The mid-term election campaigns may have only exacerbated this divide. In the last days of the campaign, Bush repeatedly cast sharp aspersions on the very proposition that the opposition can govern responsibly -- suggesting at one point that terrorists would "win" if Democratic policies were put in place -- and Democrats have used their own harsh rhetoric to characterize the president. Bush may ultimately decide that the best course would be to govern aggressively from the right, as some in his party advocate, accept that little would get done legislatively -- and set up contrasts for the party's presidential nominee to exploit in 2008.
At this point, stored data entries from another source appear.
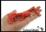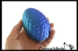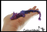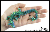 These dragons are a super cool fidget! The critters are made up of 3D printed plastic parts that are connected together. This gives the animal a jointed and robotic movement. You can twist and spin them in your hand. The hard plastic makes a nice sooting sound as the pieces rub together and move. It is quite mesmerizing to feel. Great sensory toy. These are 8" long, and the matching screw together egg is 3.5" x 1.25". These come in 4 cool chameleon colors.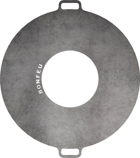 De BonFeu BonPlancha Vuurschaal Ø60 is een stevige bakplaat voor over uw vuurschaal met een diameter van 60 cm. Leg de plaat, ook wel plancha genoemd, over uw BonFeu vuurschaal 60, of andere vuurschaal en u kunt gelijk lekker barbecueën! De BonPlancha heeft een mooi uitgelaserd logo, en een handvat om hem te plaatsen.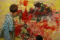 Gleich in der ersten Schulwoche haben die Schüler der Klasse Saniter den Matschraum der Schule unter den Eichen in einen Malraum verwandelt. Was genau das bedeutet, können Sie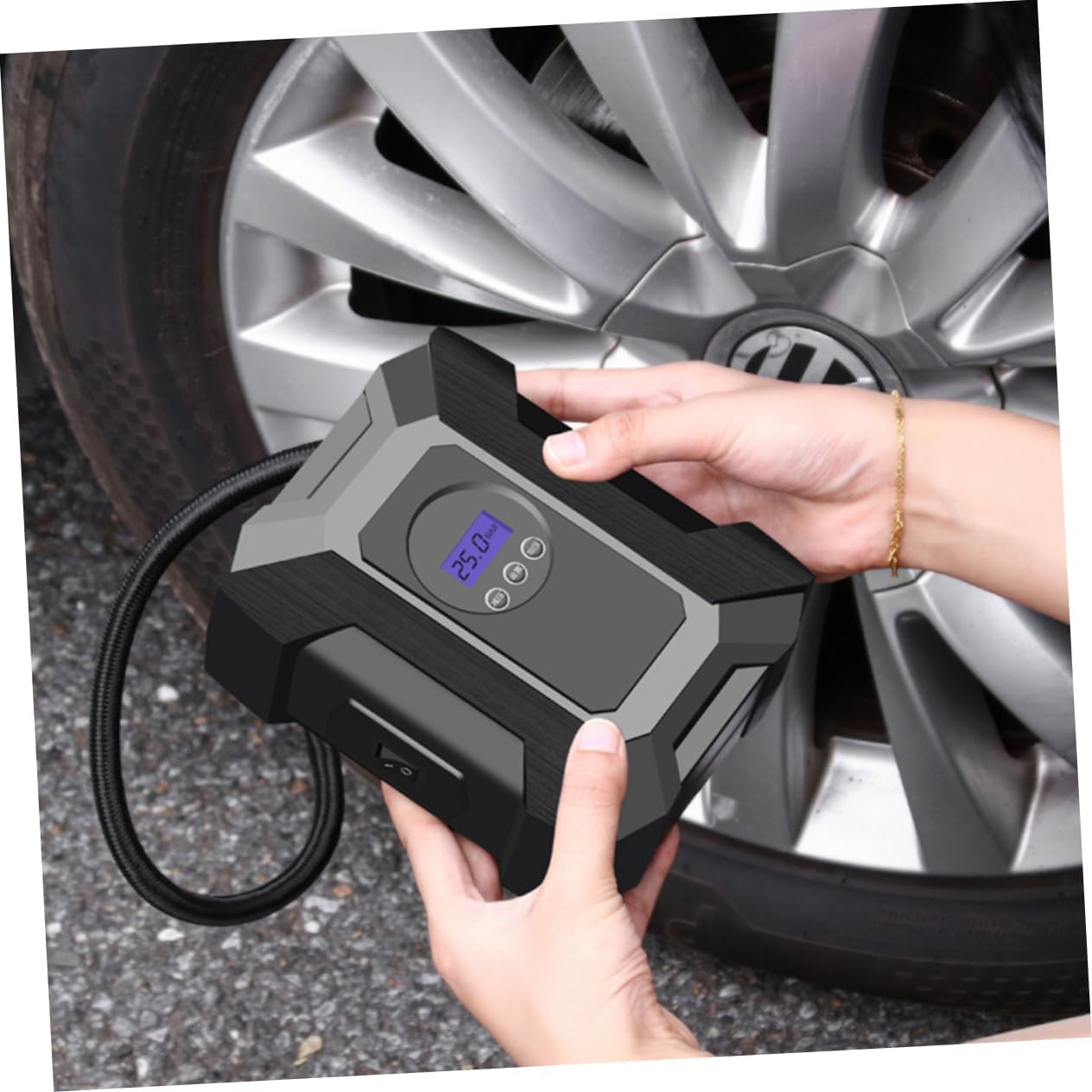 pompe gonflable automobile ce câble d’alimentation du compresseur d’air portable dans la prise de du 12v de la voiture, réglez la valeur de pression requise par le pneu, puis appuyez sur la buse de gonflage dans les valves du pneu et appuyez sur pour commencer à gonfler. Pompe à pneu d’automobile, la pompe du compresseur d’air s’éteint automatiquement lorsque la pression des pneus souhaitée est atteinte.

Democrats will have their own internal debates to resolve. The party's liberal base is hungry to extract retribution from a president many believe has governed lawlessly and incompetently, yet the Democrats' electoral success yesterday hinged at least partly on the ability to make some inroads with more moderate, even conservative, candidates. Many Democratic lawmakers have signed on to a vague plan for a phased withdrawal from Iraq, but the party remains divided between a base eager to get out soon and a foreign policy establishment that sees a precipitous withdrawal as potentially damaging to both the country's and the party's interests.
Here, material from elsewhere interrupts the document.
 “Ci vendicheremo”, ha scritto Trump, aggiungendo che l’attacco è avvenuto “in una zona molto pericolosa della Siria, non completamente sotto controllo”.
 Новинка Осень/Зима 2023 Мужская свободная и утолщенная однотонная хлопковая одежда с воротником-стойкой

One thing that seems certain is that the leadership of the Democratic Party sees value in trying to present a moderate image to voters, at least for now. In their comments last night and this morning, party leaders made clear that they have studied and learned from what they see as the bitter lessons that flowed from Republican over-reaching following the GOP's smashing victories in the 1994 mid-term elections.
Virtually every comment from party leaders suggested a belief that Americans are tired of partisan bickering. "We extend our hand of friendship, fellowship and partnership to the Republicans," Senate Democratic leader Harry M. Reid (Nev.) told a victory rally last night. "The only way we can accomplish anything in the Congress is by working in a bipartisan basis."
Whether he and other leading Democrats truly believe in this approach after years of partisan warfare -- and whether President Bush grasps an extended hand -- will be the story of Washington for the next several months.